Being a larger economy and more central to the workings of the European Union, it was Italy that got most of the publicity last week. But Spain’s change of government was more unexpected and every bit as interesting.
It’s best understood as finally giving effect to the results of the last Spanish election, held just short of two years ago. On that occasion (like the previous one, six months earlier), no party was close to a majority and a long period of uncertainty ensued. My report at the time explains the underlying arithmetic.
The then leader of the Socialist opposition, Pedro Sánchez, refused to support the continuation in office of prime minister Mariano Rajoy (from the centre-right People’s Party), but was unable to construct a viable alternative. Three months after the election, however, the decision was taken out of Sánchez’s hands, when poor performances in two regional elections brought dissent within his party to a head.
Sánchez’s critics argued (no doubt correctly) that to force a third election would be to invite a landslide victory to the People’s Party. Amid chaotic scenes he was forced to resign, and the party’s new interim leadership pushed through a decision to abstain on the investiture of a new Rajoy government. When the vote was held, 15 Socialist MPs defied the new line and continued to vote no, together with Podemos and the regionalist parties. But Rajoy won the vote 170 to 111, and was sworn in as prime minister in a minority government, ending a 314-day period of limbo.
With the Socialists divided and impotent, the radical left Podemos became by default the main opposition force. But its moment in the sun was short-lived; economic conditions were picking up and the populist tide was going into retreat. In early 2017 Sánchez announced that he would recontest his party’s leadership, and the Socialists’ standing started to recover. By that April they were back ahead of Podemos in the opinion polls, and in May a vote of party members gave Sánchez a comfortable majority. He was duly re-installed by the party’s federal congress a year ago.
Since then, he has been biding his time. Rajoy’s popularity has been in free fall; even his hardline stance against Catalan separatism seems to have only delivered votes to the centrist party, Citizens, who are even more aggressively centralist. Finally a slush fund scandal gave the Socialists their opportunity, and last Friday an opposition motion of no confidence was carried by 11 votes, 180 to 169 – the first time Spain’s parliament has brought down a government since the end of fascism.

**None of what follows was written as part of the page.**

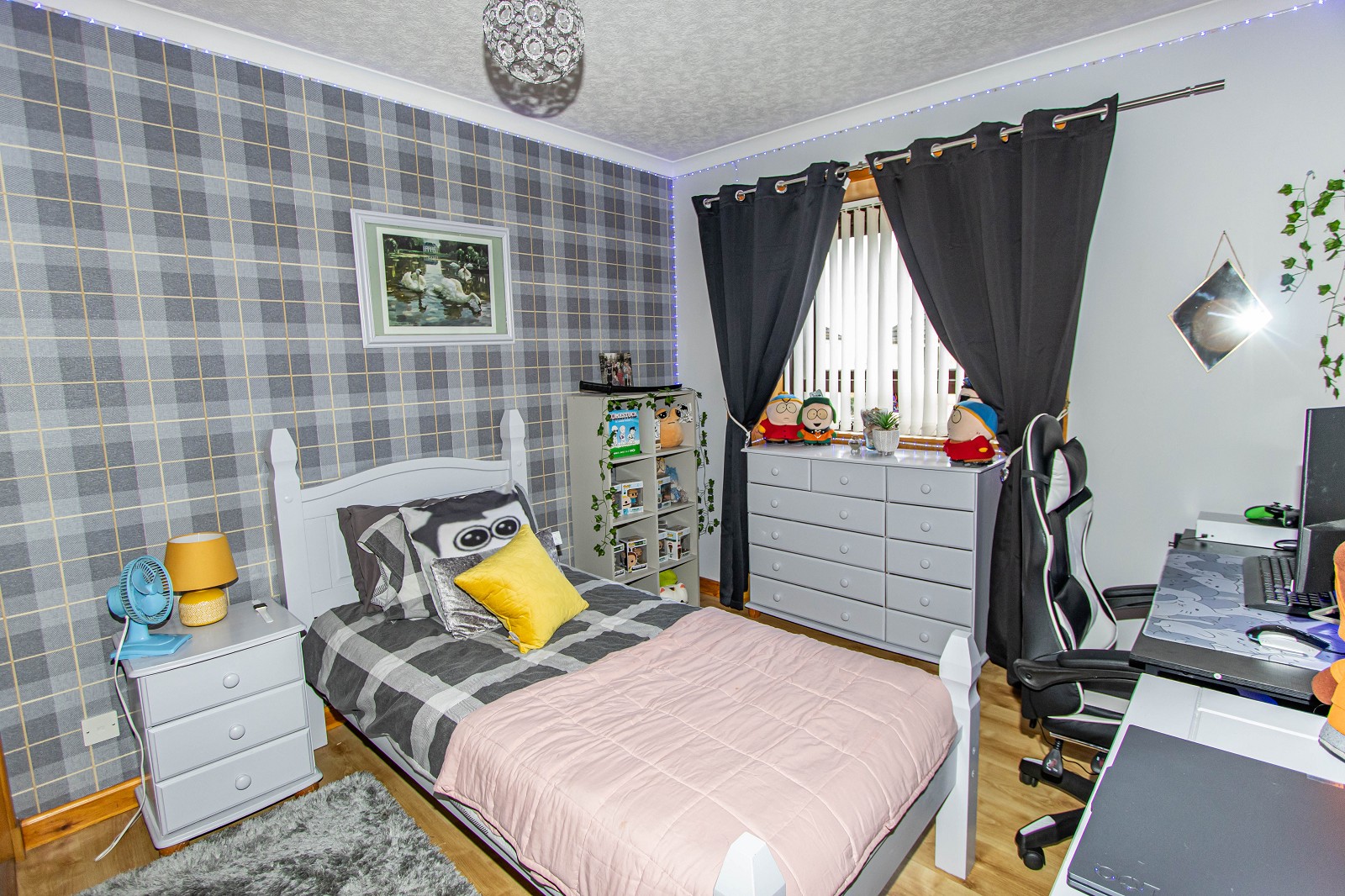 This room has a feature wall papered wall and window to the rear elevation. There is a central heating radiator, coving and double sockets. A carpet has been laid to the floor.

Rajoy promptly resigned, and Sánchez was sworn into office the following day (pointedly taking the oath on the constitution instead of a bible – he is the first avowedly atheist leader of traditionally Catholic Spain). He is expected to name his cabinet this week.
Citizens supported Rajoy on the no confidence vote, even though they had previously called for a fresh election. But the other parties all backed Sánchez: the Socialists, Podemos and the autonomists of both right and left from Catalonia, the Basque country and the Canary Islands.

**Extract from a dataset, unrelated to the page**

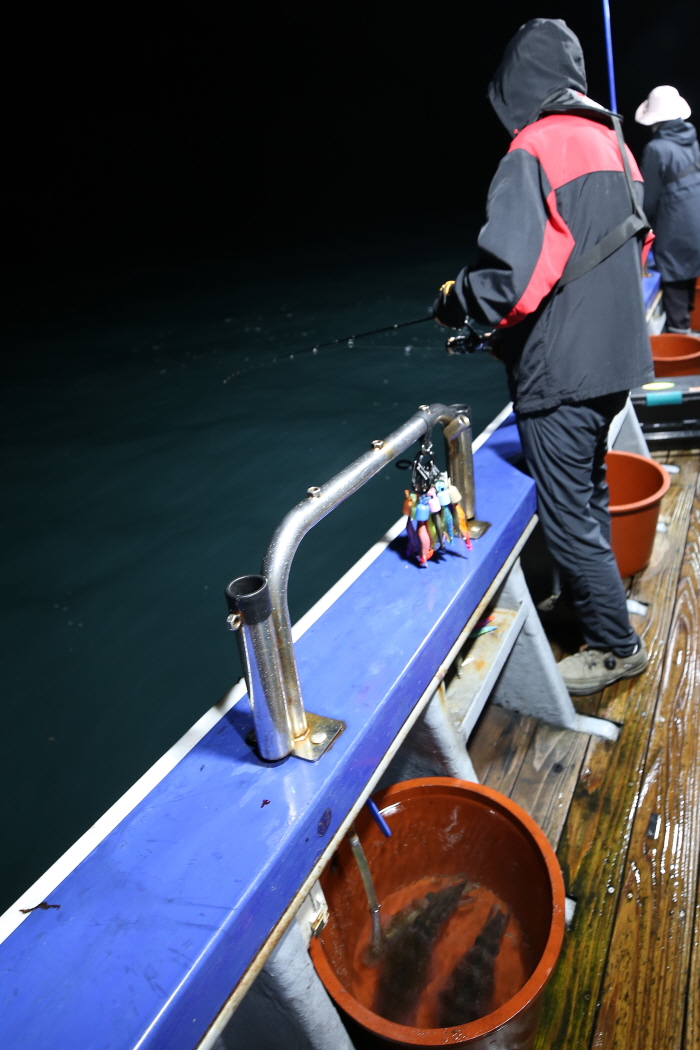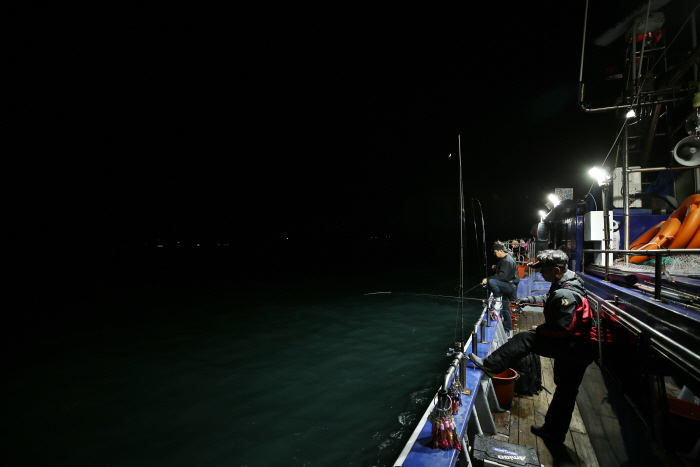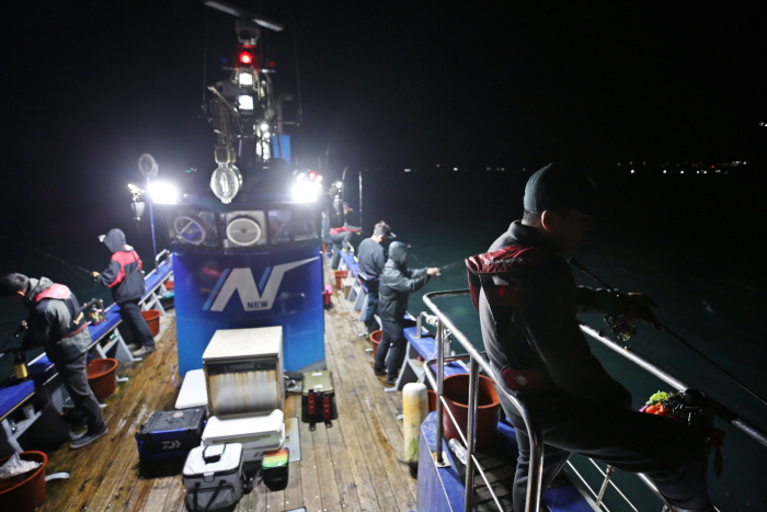 뉴그린피싱호를 타고 출조해 무늬오징어를 노리고 있는 낚시인들.
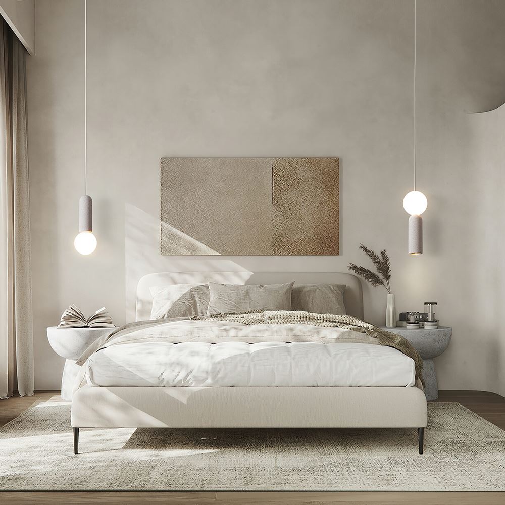 Материал арматуры — металл белого цвета, плафоны выполнены из светлого микроцемента. Светильники представлены в двух версиях: со встроенным LED-источником освещения с цветовой температурой 2700К, а также с цоколем E27. Минималистичный дизайн в белом цвете идеально подходит для современных интерьеров в стиле лофт или скандинавском стиле.

Between them, those parties represent a majority, albeit a narrow one – 50.7% – from the 2016 election. Parliament has finally put that majority into effect. That’s good news for the Catalans, who finally have a new government of their own, which can now look forward to a more conciliatory approach from Madrid.

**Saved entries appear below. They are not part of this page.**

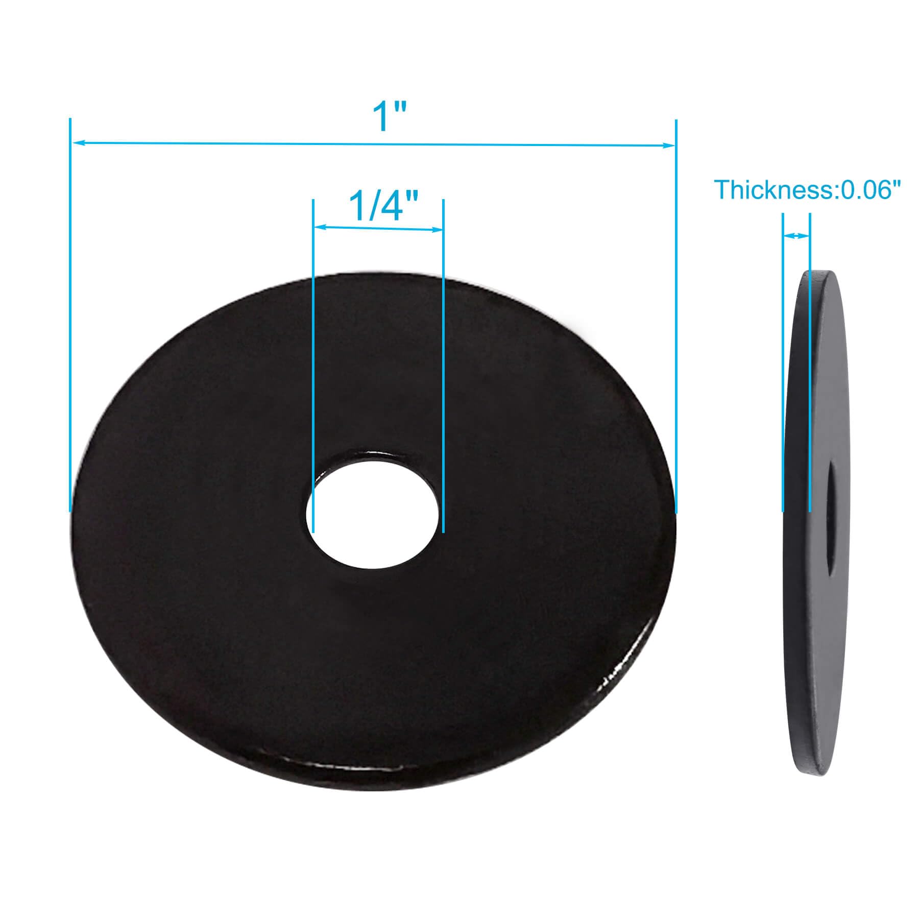 - Specification: Inside diameter: 1/4 inch, Outside Diameter: 1 inch, Thickness: 0.06 inch, Fits 1/4" bolts & fasteners.
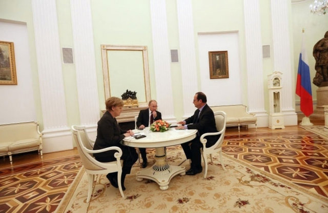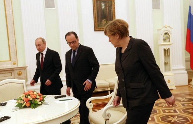 "Normandiya dörtlüsü" olarak bilinen Fransa Cumhurbaşkanı François Hollande, Almanya Başbakanı Angela Merkel, Rusya Başkanı Vladimir Putin ve Ukrayna Cumhurbaşkanı Petro Poroşenko, Ukrayna'daki ihtilafa çözüm bulmak için Çarşamba akşamı TSI 19:10'da masanın başına oturdu. Perşembe sabahı saatler 9:00 gösterirken dört ülke liderinin 10-12 madden oluşacak yeni barış planı üzerindeki çalışmalarını tamamladıkları duyuruldu.
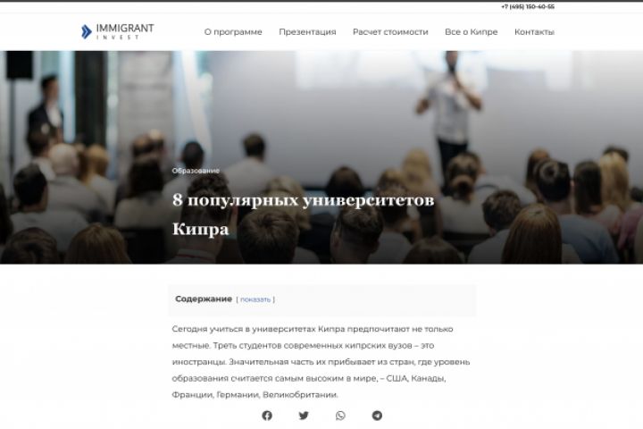 Задача – написать обзорно-аналитическую статью о популярных государственных и частных университетах Кипра для проекта Immigrant Invest. В статье рассматриваются основные направления обучения, даются рекомендации, как поступить в каждый из вузов и какие документы подготовить.
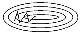 SGDには谷間をナビゲートする上で問題があります。谷間とはつまり、表面がカーブしているエリアのことで、ある次元では他の次元よりカーブがもっと急峻になっています4。これは、局所的最適の周辺ではよくあることです。このようなシナリオでは、図2のように局所的最適に向かう谷底周辺ではSDGが遅々として進まず、SGDは谷間の傾斜を横切って行ったり来たりしています。
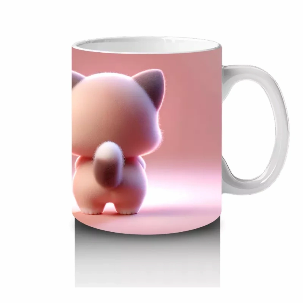 Kalpli Figür Tutan Sevimli Pembe Kedi (Ön ve Arka) – Baskılı Kahve Kupası
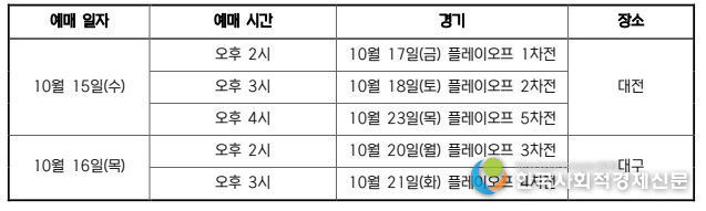 한국사회적경제신문 김은영 기자 | KBO는 10월 17일(금)부터 열리는 삼성 라이온즈와 한화 이글스의 2025 신한 SOL뱅크 KBO 플레이오프 입장권 예매를 10월 15일(수) 오후 2시부터 진행한다.
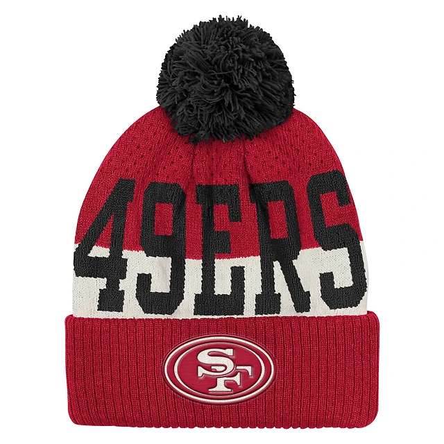 Girls Youth New Era Scarlet San Francisco 49ers Cabled Cuffed Knit Hat with Pom

But it appears that no other parties will be joining the Socialist government, and with such a narrow base it is unlikely that Sánchez will wait for long before taking the country back to the polls.
The contrast with Italy is interesting. There, the populist movement that capitalised on public discontent was basically non-political, but in Spain it came from the far left. Podemos leader Pablo Iglesias has been a troublemaker on a number of occasions, but there was never any chance that he would make common cause with the right, as the Five Star Movement in Italy has (somewhat reluctantly) done.
The other difference is that Rajoy’s People’s Party, although it has sounded the usual themes of modern right-wing politics, has remained within the mainstream; it has not given way to Trumpism in the fashion of Italy’s League.
I think that differences like this mostly come down to chance, but I can’t help wondering whether the fact that Spain’s experience of fascism is 30 years more recent than Italy’s might also have something to do with it.